To some degree, it is undoubtedly the product of built-in momentum: our existing urban, industrial, and transportation infrastructure was largely constructed around fossil fuel-powered energy systems, and it will take a long time to replace or reconfigure them for a post-carbon future.  Most of our electricity, for example, is provided by coal- and gas-fired power plants that will continue to operate for years to come.  Even with the rapid growth of renewables, coal and natural gas are projected to supply 56% of the fuel for the world’s electrical power generation in 2040 (a drop of only 5% from today).  Likewise, the overwhelming majority of cars and trucks on the road are now fueled by gasoline and diesel.  Even if the number of new ones running on electricity were to spike, it would still be many years before oil-powered vehicles lost their commanding position.  As history tells us, transitions from one form of energy to another take time.

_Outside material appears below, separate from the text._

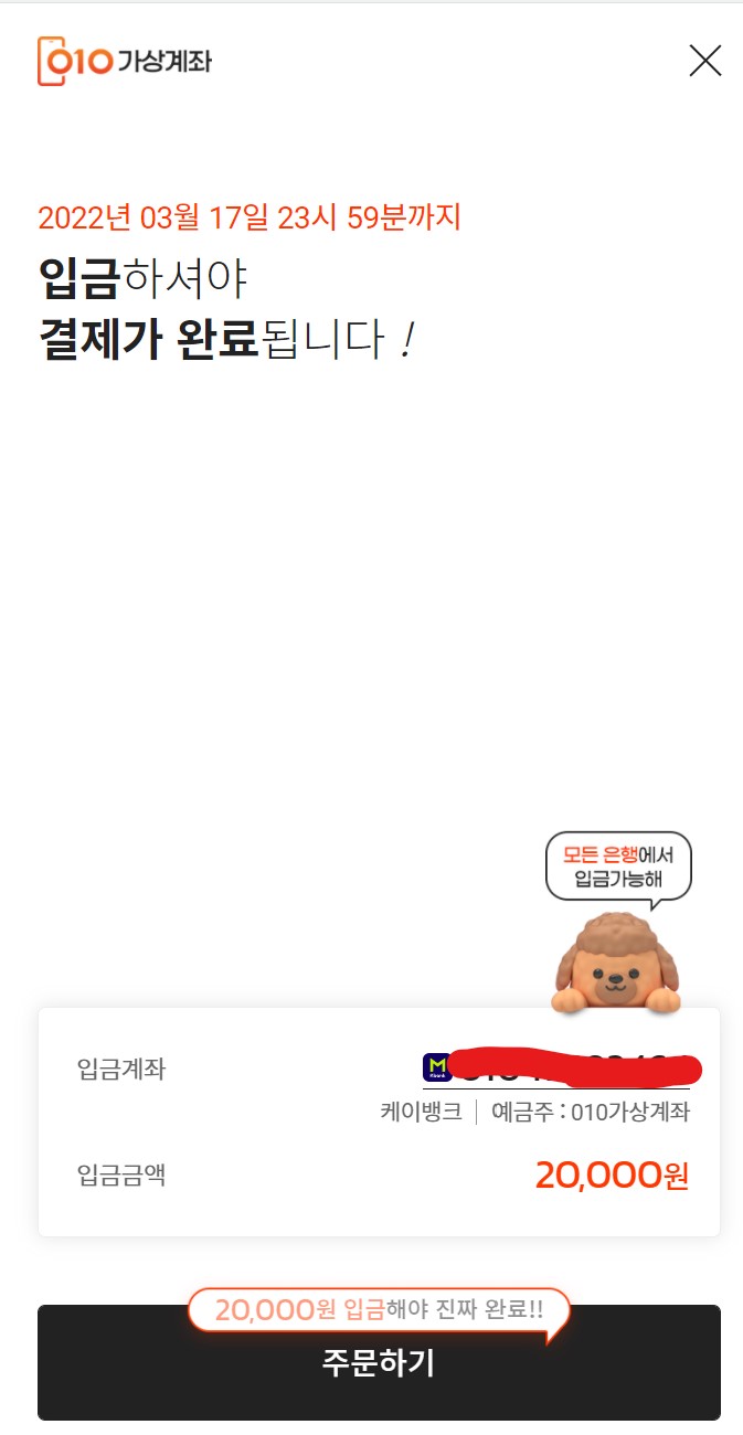 결제금액, 계좌주명, 가상계좌 등이 맞는지 확인하고 입금을 하시면 예치금이 충전 됩니다. 카톡으로도 안내 문자가 오니 가상계좌로 입금하시면 됩니다.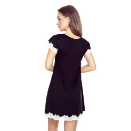 - výstřih, rukávy a rozparek z krajky s květinovým vzorem

Then there’s the problem — and what a problem it is! — of vested interests.  Energy is the largest and most lucrative business in the world, and the giant fossil fuel companies have long enjoyed a privileged and highly profitable status.  Oil corporations like Chevron and ExxonMobil, along with their state-owned counterparts like Gazprom of Russia and Saudi Aramco, are consistently ranked among the world’s most valuable enterprises.  These companies — and the governments they’re associated with — are not inclined to surrender the massive profits they generate year after year for the future wellbeing of the planet.

As a result, it’s a guarantee that they will employ any means at their disposal (including well-established, well-funded ties to friendly politicians and political parties) to slow the transition to renewables.  In the United States, for example, the politicians of coal-producing states are now at work on plans to block the Obama administration’s “clean power” drive, which might indeed lead to a sharp reduction in coal consumption.  Similarly, Exxon has recruited friendly Republican officials to impede the efforts of some state attorney generals to investigate that company’s past suppression of information on the links between fossil fuel use and climate change.  And that’s just to scratch the surface of corporate efforts to mislead the public that have included the funding of the Heartland Institute and other climate-change-denying think tanks.

Of course, nowhere is the determination to sustain fossil fuels fiercer than in the “petro-states” that rely on their production for government revenues, provide energy subsidies to their citizens, and sometimes sell their products at below-market rates to encourage their use.  According to the International Energy Agency (IEA), in 2014 fossil fuel subsidies of various sorts added up to a staggering $493 billion worldwide — far more than those for the development of renewable forms of energy.  The G-20 group of leading industrial powers agreed in 2009 to phase out such subsidies, but a meeting of G-20 energy ministers in Beijing in June failed to adopt a timeline to complete the phase-out process, suggesting that little progress will be made when the heads of state of those countries meet in Hangzhou, China, this September.

None of this should surprise anyone, given the global economy’s institutionalized dependence on fossil fuels and the amounts of money at stake.  What it doesn’t explain, however, is the projected growth in global fossil fuel consumption.  A gradual decline, accelerating over time, would be consistent with a broad-scale but slow transition from carbon-based fuels to renewables.  That the opposite seems to be happening, that their use is actually expanding in most parts of the world, suggests that another factor is in play: addiction.

We all know that smoking tobacco, snorting cocaine, or consuming too much alcohol is bad for us, but many of us persist in doing so anyway, finding the resulting thrill, the relief, or the dulling of the pain of everyday life simply too great to resist.  In the same way, much of the world now seems to find it easier to fill up the car with the usual tankful of gasoline or flip the switch and receive electricity from coal or natural gas than to begin to shake our addiction to fossil fuels.  As in everyday life, so at a global level, the power of addiction seems regularly to trump the obvious desirability of embarking on another, far healthier path.

On a Fossil Fuel Bridge to Nowhere

Without acknowledging any of this, the 2016 EIA report indicates just how widespread and prevalent our fossil-fuel addiction remains.  In explaining the rising demand for oil, for example, it notes that “in the transportation sector, liquid fuels [predominantly petroleum] continue to provide most of the energy consumed.”  Even though “advances in nonliquids-based [electrical] transportation technologies are anticipated,” they will not prove sufficient “to offset the rising demand for transportation services worldwide,” and so the demand for gasoline and diesel will continue to grow.

Most of the increase in demand for petroleum-based fuels is expected to occur in the developing world, where hundreds of millions of people are entering the middle class, buying their first gas-powered cars, and about to be hooked on an energy way of life that should be, but isn’t, dying.  Oil use is expected to grow in China by 57% between 2012 and 2040, and at a faster rate (131%!) in India.  Even in the United States, however, a growing preference for sport utility vehicles and pickup trucks continues to mean higher petroleum use.  In 2016, according to Edmunds.com, a car shopping and research site, nearly 75% of the people who traded in a hybrid or electric car to a dealer replaced it with an all-gas car, typically a larger vehicle like an SUV or a pickup.